E' pomeriggio quando esco dall'hotel per consumare la mia ultima serata berlinese. Domani pomeriggio ritorno a Roma e dunque queste sono le ultime ore che intendo sfruttare fino in fondo. L'idea è semplice: prendo l'autobus 100 che è una specie di circolare del centro che mi permette di osservare senza meta tutto ciò che c'è lungo il tragitto dell'autobus. E siccome c'è la possibilità di andare anche all'Aeroporto Tegel una piccola visitina per verificare tempi e modi della partenza non è una cosa sbagliata. L'intero pomeriggio vola via attraverso le immagini dal finestrino dell'autobus. La mia card mi permette di spostarmi su tutti i mezzi in circolazione nella capitale. Spendo così tutte le ore fino a sera quando stanco e soddisfatto rientro in albergo.
Quinto e ultimo giorno. Il tempo a Berlino trascorre troppo velocemente. Questa è la mia massima del giorno! Oggi sto male perchè è la giornata della partenza. Mi rimane un ultimo obiettivo programmato: l'Osservatorio astronomico della scienza. Si trova a due passi dal monumento al soldato russo morto in guerra, vicino Treptow Park. Arrivo nel parco ma mi è difficile localizzare la struttura. La trovo dopo un po' di pellegrinaggio da una parte all'altra nel verde. Ne valeva la pena perchè per me, che mi interesso di scienza, tutto ciò che è tedesco mi richiama alla mente percorsi e figure di straordinaria importanza scientifica.
Adesso posso dire di avere visto circa l'80% di tutto ciò che mi era possibile vedere. Sono soddisfatto. Mi rimarrà impressa per sempre questa bella sensazione di avere fatto una vacanza indimenticabile, forse più di Parigi e probabilmente anche di Londra. Sicuramente più di Madrid e di Lisbona, senza togliere nulla a tutte queste città che considero belle e straordinarie. E' evidente che non si possono fare paragoni. Soprattutto a caldo, anche perché sono località diverse, con visite effettuate in tempi diversi e in condizioni differenti. Una cosa e' certa: che prima sconoscevo quasi completamente il mondo germanico. Cosa dire di più? Parodiando una celebre frase dialettale milanese posso dire che Berlin l'e' un gran Berlin.

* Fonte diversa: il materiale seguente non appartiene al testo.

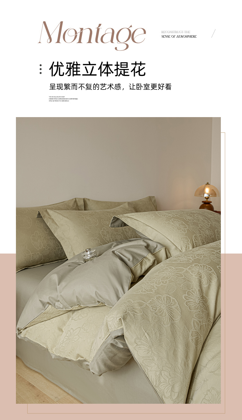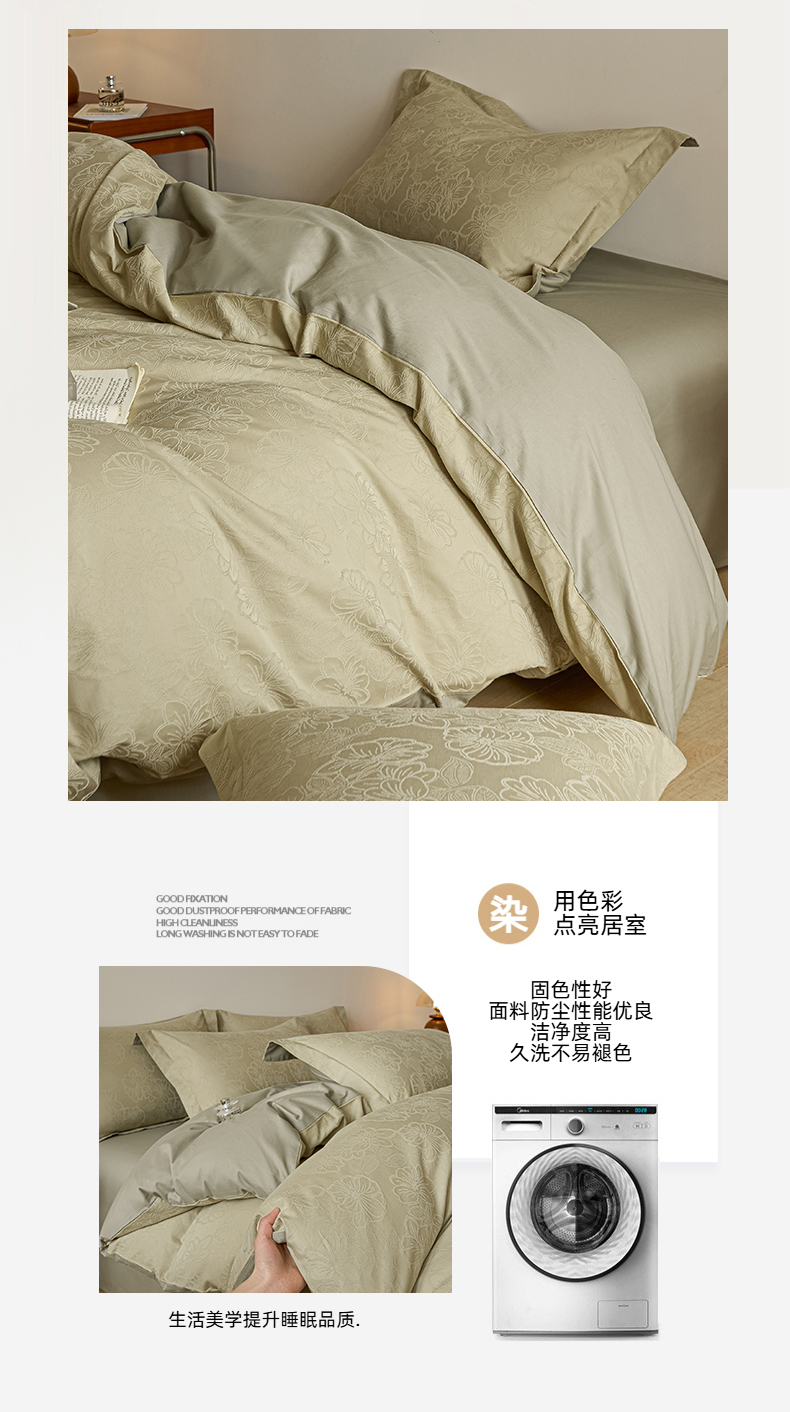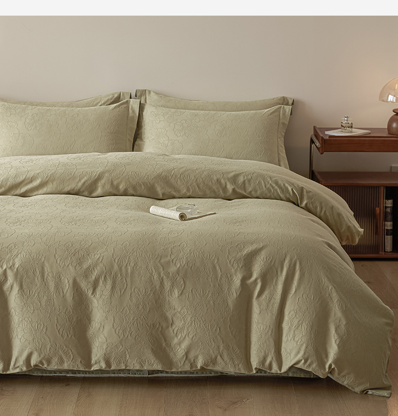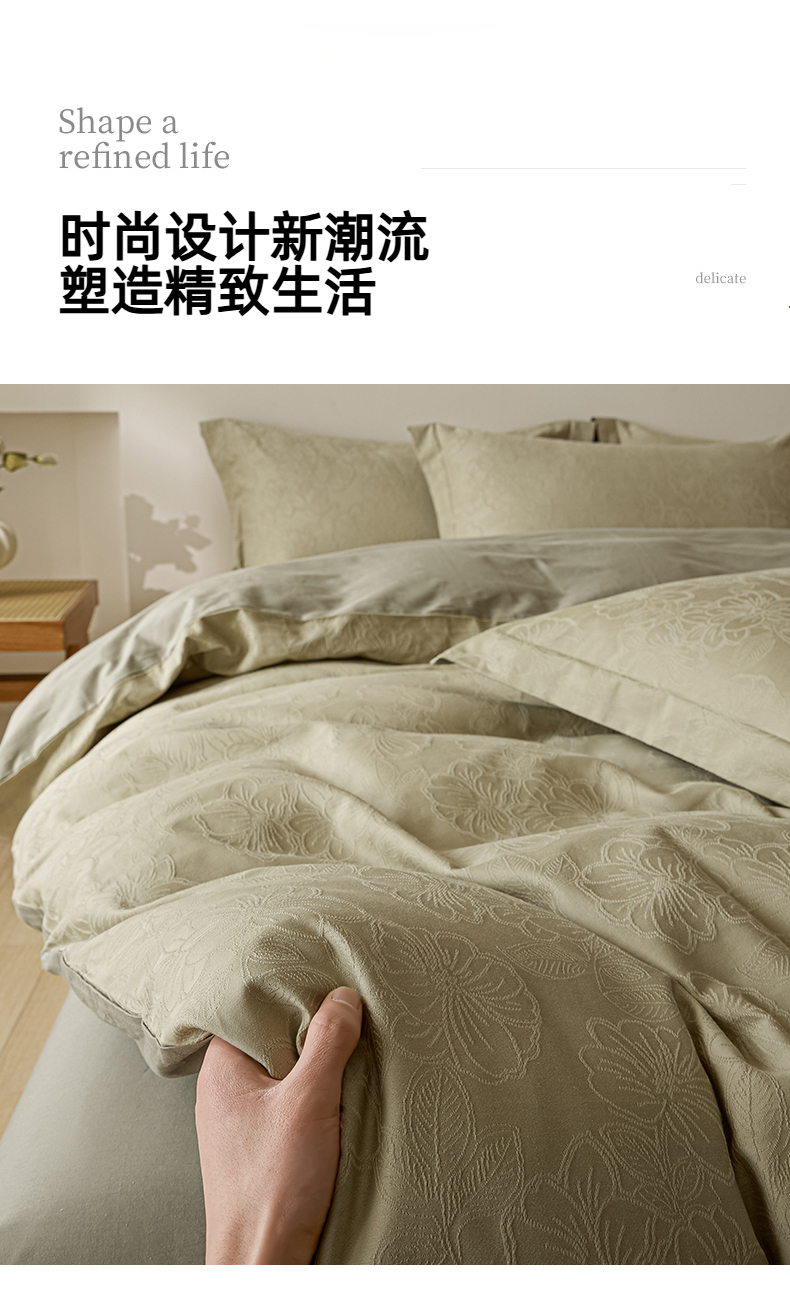 当前位置: 91家纺网 > 商品网购 > 床品套件 > 四件套 > 全棉普通四件套 > 禾时 2026春夏新品全棉立体浮雕提花双拼色四件套-繁花 奶绿-浅绿灰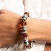 An oversized assortment of textured silver rings, smooth silver beads, and brown crystal-like beads are threaded along stretchy bands around the wrist for a glitzy finish.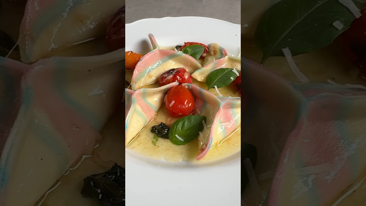 רביולי גבינות אוזן המן צבעוני ברוטב חמאה עגבניות שום ובזיליקום #יאבלולושמבלולו #מתכונים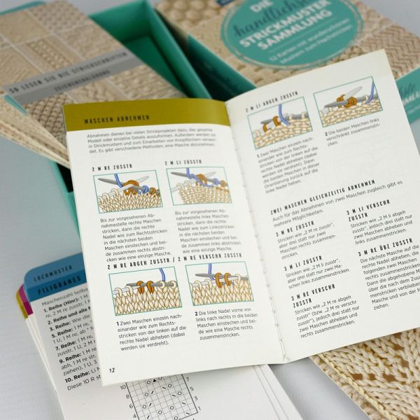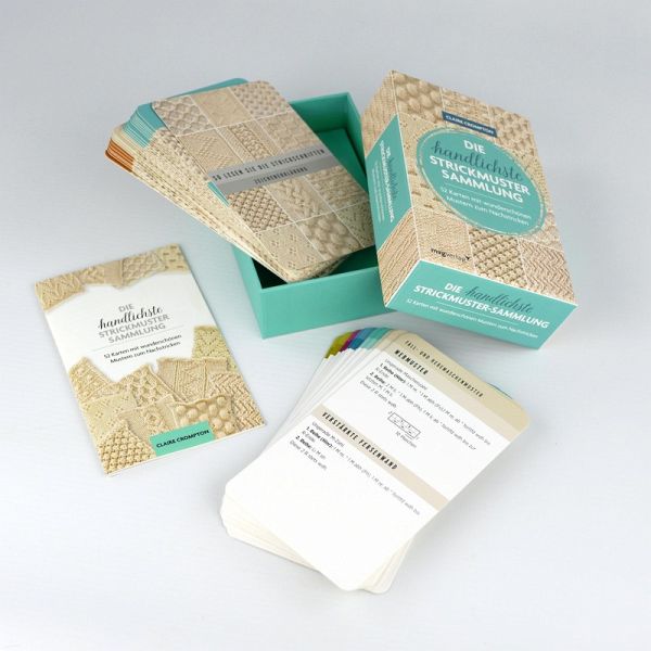 In diesem Kartenset befindet sich die handlichste Zusammenstellung von Strickmustern auf 52 Karten, die man als Stricker_in überhaupt haben kann - alles verpackt in einer kompakten Box. Jede Karte präsentiert auf der Vorderseite ein gestricktes Muster, während auf der Rückseite sowohl eine detaillierte schriftliche Anleitung als auch ein Strickdiagramm zu finden sind, um das Nachstricken zu erleichtern. Das beigefügte 16-seitige Booklet enthält einen anschaulichen Grundlagenteil mit allen Grundmaschen des Strickens. Das Kartenset in der wiederverschließbaren Box ist die kleinste To-go-Strickmustersammlung, die man bequem in der Tasche mitnehmen kann, und ist ein absolutes Must-have für Strickanfänger wie auch für Fortgeschrittene.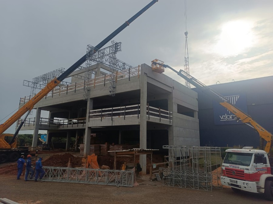 A edificação está sendo executada com estrutura pré-fabricada em concreto armado e cobertura metálica, incluindo divisórias leves e corporativas, revestimentos e instalações prediais, além de acabamentos de fachada em ACM e glazing, garantindo funcionalidade, conforto e identidade visual corporativa.
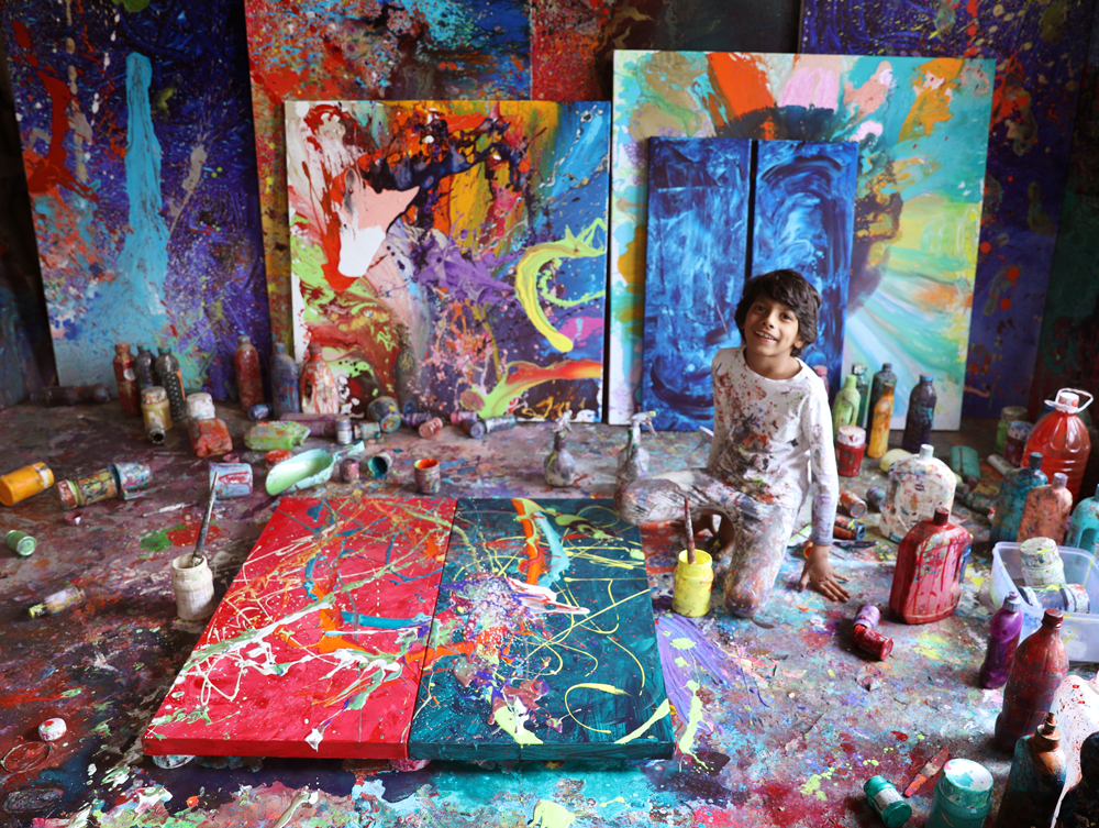 रंगाशी खेळत खेळत तो चित्रकलेच्या विविध ‘कला” आत्मसात करत गेला. वयाच्या चौथ्या वर्षी त्याच्या एकट्याच्या (सोलो) पेंटिग्जंचं प्रदर्शन कॅनडात लागलं. ही प्रदर्शनी दोन महिने तिथे होती. त्याची सगळी चित्रं चार दिवसात विकल्या गेली. गेल्या वर्षीच्या जून-जुलैमध्ये अमेरिकेतील लागुना बीच, तोहोइ लेक, लास वेगास, की वेस्ट आणि फोर्ट लौडेरडेल येथे त्याच्या चित्रांचं प्रदर्शन भरलं. त्यानंतर त्याला यंदा जानेवारी ते मार्च या कालावधीत अमेरिकतील चार प्रमुख आर्ट गॅलरित (कला दालन) एकल प्रदर्शिनीसाठी निमंत्रित केलं गेलं. आतापर्यंत जगातील वेगवेगळया आर्ट गॅलरिंमध्ये १९ एकल आणि समुह कला प्रदर्शनिमध्ये तो सहभागी झालाय. नुकतंच त्याचं एक पेंटिग १६ हजार ८०० डॉलर्सला म्हणजेच १४ लाख ८७ हजार रुपयांना विकलं गेलं. आतापावेतो त्याच्या विकल्या गेलेल्या कलाकृतिंची किंमत ३ लाख डॉलर म्हणजेच २६ कोटी ५ लाख ५६ हजार रुपये इतकी भरते. तो स्वत:ला अर्मूत (ॲबस्ट्रॅक्ट) कलावंत मानतो. त्याच्यावर जॅकसन पोलॉक या जागितिक कीर्तिच्या चित्रकाराचा पगडा आहे. पण त्याचबरोबर त्याला प्राणी, डायनोसार, ड्रॅगन यांचीही चित्र काढायला आवडतात.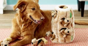 What’s more fun than chasing squirrels at the park? Chasing squirrels at home, of course! Now there’s a toy version of your pup’s favorite pastime. Just stuff the squeaky squirrels in the soft tree trunk, and watch your dog pull them out one by one. To keep the game going, just stuff them in again and again. These squirrels love to play!! It also comes in a bee and bird model.
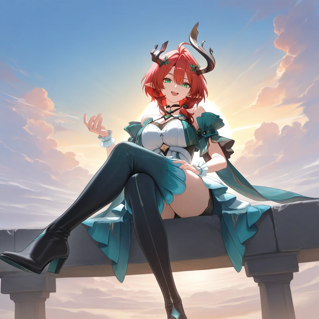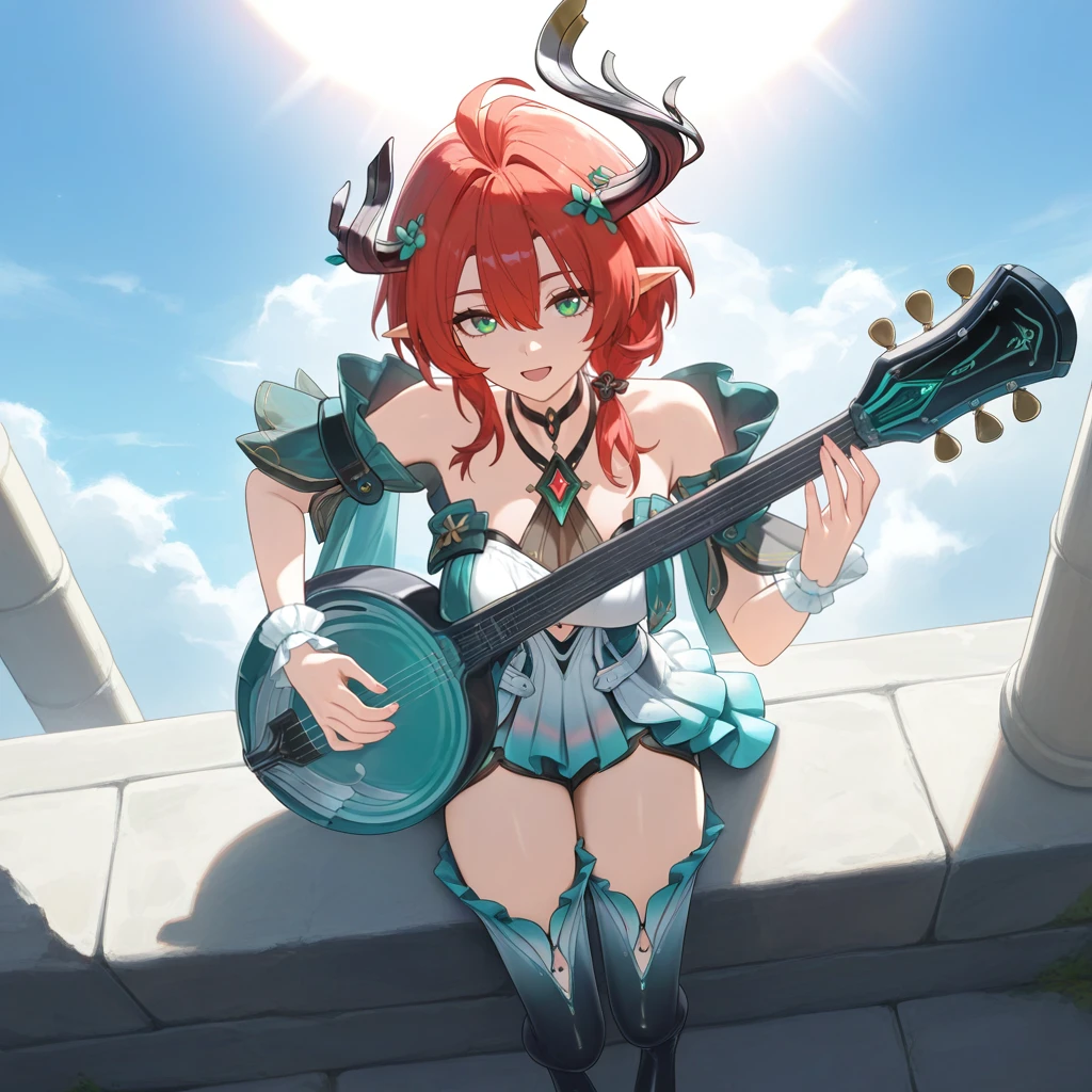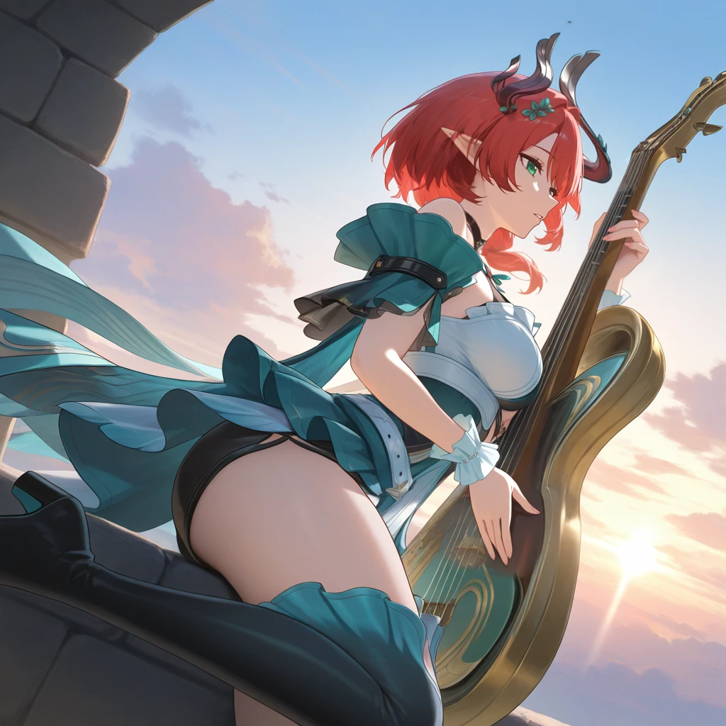 Ciaccona, green eyes, pointy ears, red hair, short hair, asymmetrical horns, hair ornament, side ponytail, short dress, frilled wrist cuffs, white wrist cuffs, white dress, multicolored dress, teal dress, gem, off-shoulder dress, bare shoulders, teal sleeves, short sleeves, wide sleeves, see-through sleeves, layered sleeves, clothing cutout, thigh boots, frilled footwear, gradient boots, gradient skirt, white skirt, frilled skirt, teal skirt, black shorts, short shorts, shorts under skirt, white belt, jewelry, halterneck, black choker,P.S: Only made this LoRA, because she has a nice outfit. I don't even know who she is, I stopped playing WuWa and gachas in general. (Hi3 is an exception obviously)
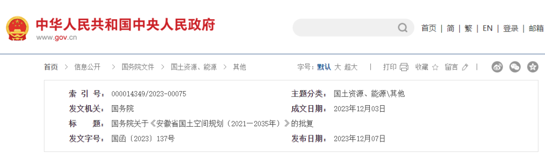 国务院关于《安徽省国土空间规划
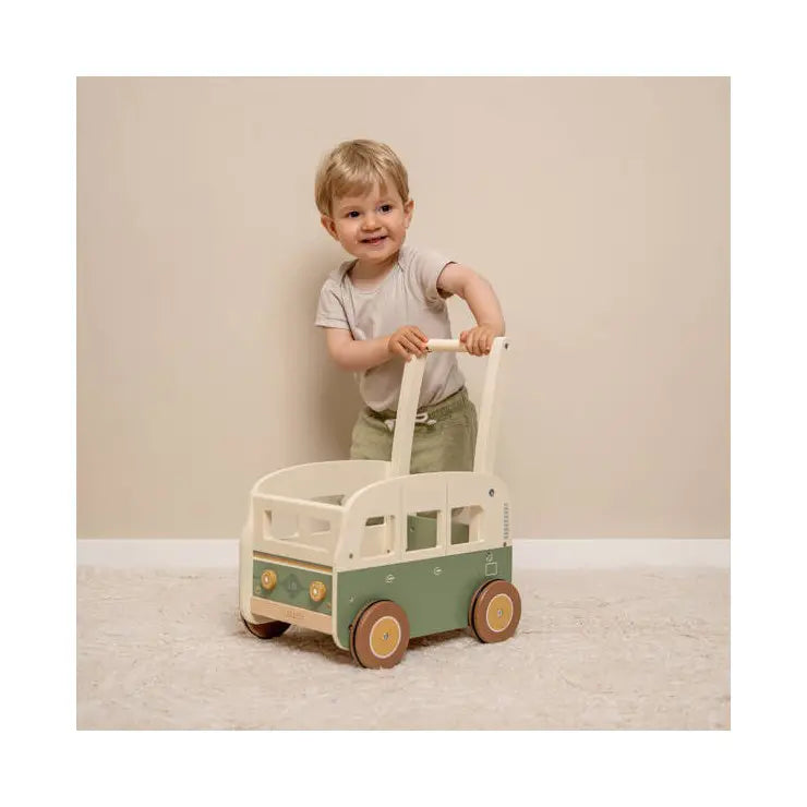 Ready for a pretend road trip? This wooden vintage wagon, inspired by a classic surfer van, is the perfect play companion. Your child can load it up with cuddly toys, blocks or other treasures and push it around during playtime. Ideal for storing and transporting toys in a playful way. With its retro look and fun details, this wagon adds a stylish touch to any room. And with rubber strips on the wheels, your floors stay safe no matter how exciting the ride gets.sing through the room.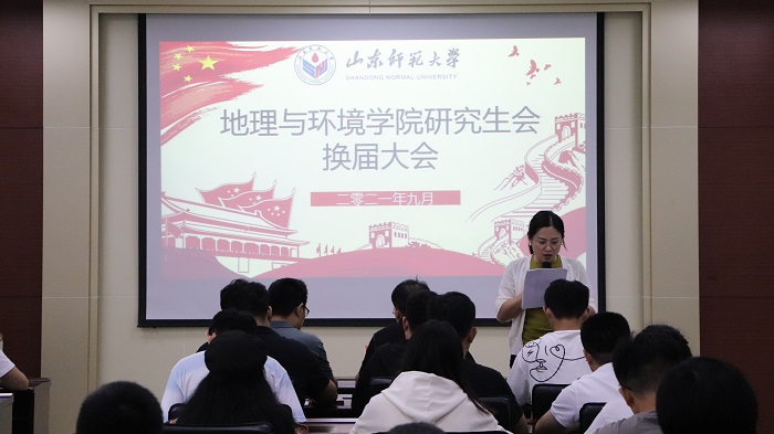9月28日,地理与环境学院于长清湖校区文澜楼G210报告厅举办研究生会换届大会。学院党委副书记李山峰,学工办主任、团委书记李妮娜,团委老师欧阳德龙、唐永超,院学生会执行主席王志豪应邀出席会议,第十四届研究生会主席团成员和第十五届研究生会全体成员参加会议,会议由研究生辅导员高宝棣主持。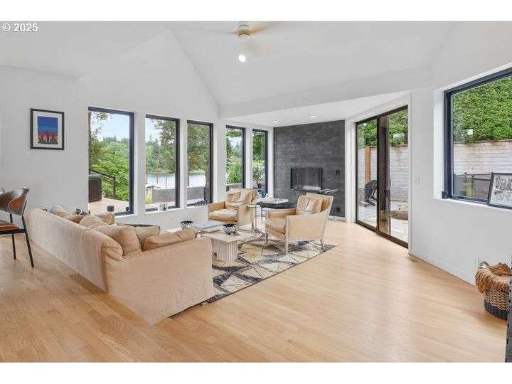 Luxury Riverfront Oasis. Call to ask about our lease opportunity $9,900- $11,000 per month. Experience the ultimate in Pacific Northwest waterfront living with this opportunity on the Willamette River. Situated on just under two park-like acres in Clackamas County and within the highly sought-after Lake Oswego School District, this property is a dream retreat for entertainers and waterfront enthusiasts alike. Designed for gatherings and everyday luxury, the home features an open-concept layout with a gourmet kitchen, breakfast bar, great room, and dining area — all oriented toward the river and pool for seamless indoor-outdoor living. Beautiful white oak floors grace the entry, kitchen, and great room, setting a warm and inviting tone. The main level includes two guest bedrooms, a full bath, and a flexible office/den (potential 5th bedroom). Upstairs, the primary suite is a true sanctuary, complete with electric skylight blinds, a private sauna, and a spa-inspired bathroom featuring an expansive walk-in shower, soaking tub, and Carrera marble finishes throughout. A bonus room or 4th bedroom completes the upper level. Step outside to your own riverside paradise — complete with a sparkling pool, manicured landscaping, and pilings already in place for the reinstallation of a dock (buyer to verify). There is also the option of a dock on the east side of the island as well. (buyer to verify). Whether you're boating, entertaining, or simply enjoying the serene surroundings, this home offers unmatched lifestyle potential. This is a rare chance to own one of Lake Oswego’s few estate-style riverfront homes with acreage, dock potential, and a luxurious entertainer’s layout.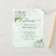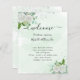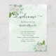 Fondo verde acuático, decorado con flores blancas, vegetación eucaliptos y polvo falso purpurina plateado. Personalice y agregue sus nombres y la cronología del día de la boda.

Sono le 14 quando prendo l'autobus per andare all'aeroporto. Il volo è previsto alle 17.40. Arrivo in grande anticipo ma la visita dell'aeroporto è un altro elemento che accomuna i miei itinerari di viaggio. All'arrivo non mi è stato possibile vedere alcunché perchè avevo premura di andare in albergo. Ma adesso ho tutto il tempo per visitare l'intero complesso dell'aerostazione. Al chek-in non vedo molti italiani in giro e ciò la considero una stranezza. Di solito i miei connazionali sono allegri, vocianti, alcune volte molesti e si fanno notare per essere poco discreti. Non ci faccio caso e mi siedo nell'area di partenza in attesa dell'imbarco. Non ci sono molte persone che aspettano e sono tutti stranieri. Mi seggo e mi immergo nella lettura di un giornale. Dopo un po' mi guardo intorno e non c'è più nessuno vicino a me. Tutti spariti. Mi allarmo. Guardo l'orologio e vedo che sono le 17.20. Comprendo che sto per perdere l'aereo. Guardo il tabellone e vedo che non c'è più scritto Rom ma Stockholm. All'ultimo momento hanno cambiato il gate! Gli avvisi all'altoparlante probabilmente informavano i passeggeri che c'era stato un cambiamento. Ma la dannatissima lingua tedesca mi ha impedito di comprenderlo. Vivo minuti di angoscia alla ricerca affannosa del nuovo gate. Il tempo stringe. Non vedo nessun box informazione e tutto di corsa mi lancio verso il corridoio da cui ero arrivato. Un annuncio in inglese mi fa capire che dal nuovo gate sta per chiudersi il cancello. Arrivo quando stanno proprio per chiudere il cancello di imbarco e tutto trafelato porgo il mio biglietto aereo con il passaporto. Uno sguardo severo della hostess che con voce severa mi informa che sono il "solito italiano" che manca di puntualità. Anche questo mi doveva accadere. Ciao Berlino: non ti dimenticherò mai.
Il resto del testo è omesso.